# Emma Watson Appreciation Thread



## Kaickul (Mar 27, 2014)

Brb cry myself to sleep every night because I will never have her.

P.S. My 1000th post.


----------



## flexkill (Mar 27, 2014)




----------



## Necris (Mar 27, 2014)

Did IdontPersonallys ban get lifted or something?


----------



## Randyrhoads123 (Mar 27, 2014)

I mean, she's very pretty and a decent actress but do we really need an SSO thread about her?


----------



## TRENCHLORD (Mar 27, 2014)

stalker thread


----------



## The Q (Mar 27, 2014)

Randyrhoads123 said:


> I mean, she's very pretty and a decent actress but do we really need an SSO thread about her?



Good question for a poll. I pre-emptively vote no, because she's not a guitar.

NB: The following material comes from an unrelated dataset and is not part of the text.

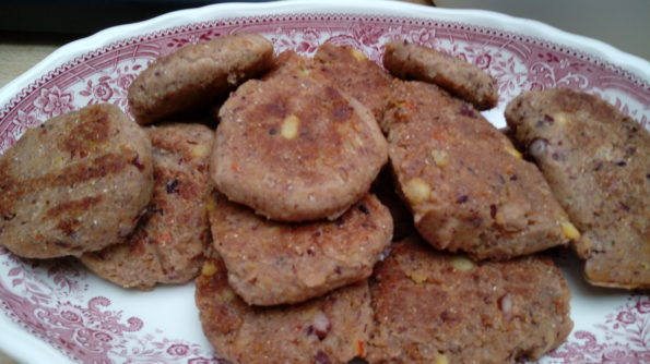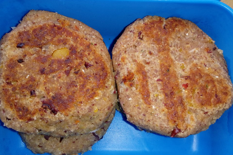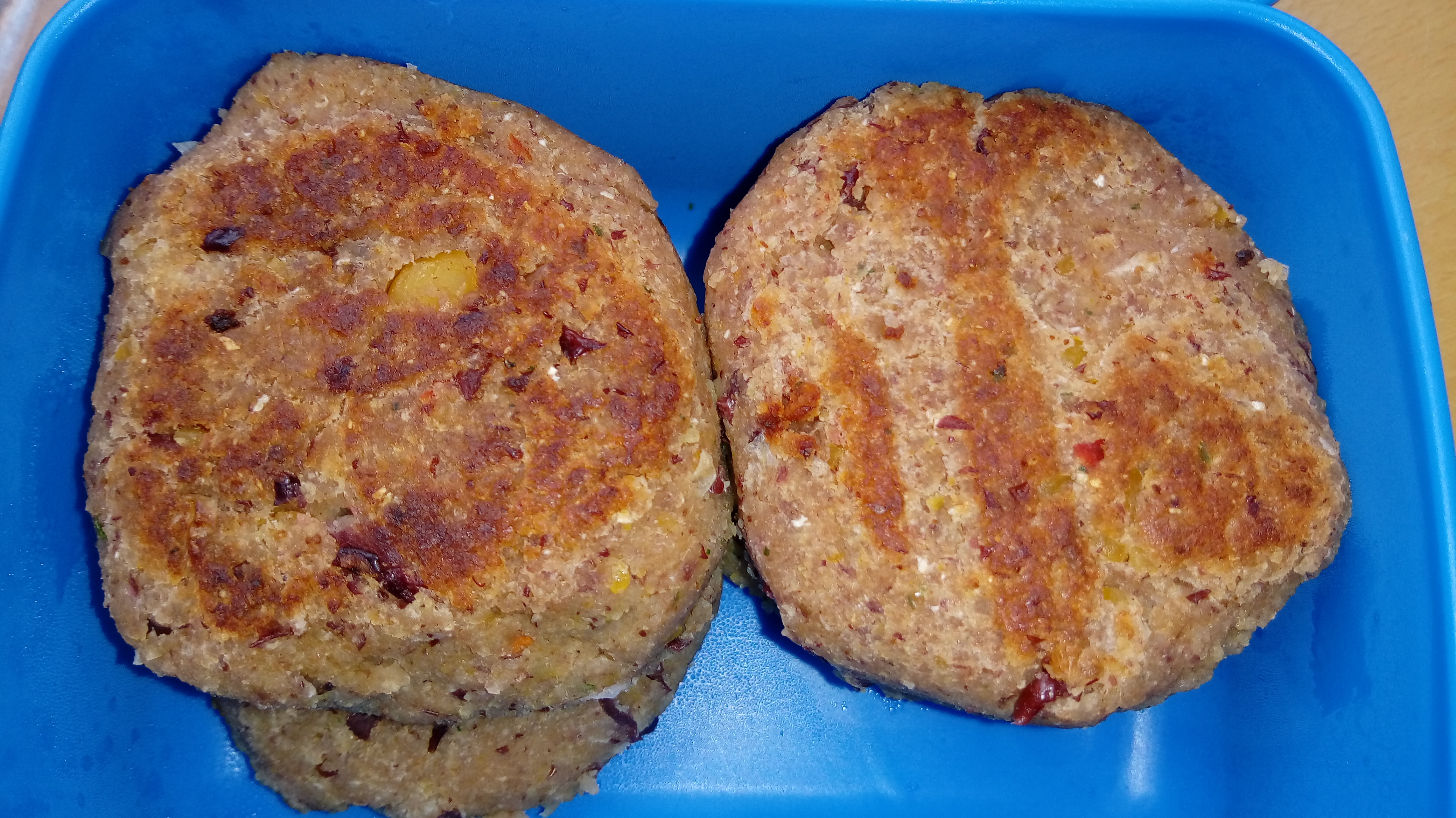 Alles zusammen pürieren und so viel Hartweizengrieß und Semmelbrösel hinzufügen bis eine gut formbare, kompakte Masse entsteht. Zu Burgern formen und im heißen Öl braten.

(And not even a seven-string one at that)


----------



## Kaickul (Mar 27, 2014)

Keep calm guys, I just want to come up with something for my 1000th post. Looks wise, she's just too perfect, I couldn't resist to show my appreciation.


----------



## AliceLG (Mar 27, 2014)

I deem your 1000th post ... excellent!

And yes, we could use an Emma appreciation thread  We do have a nail care one after all


----------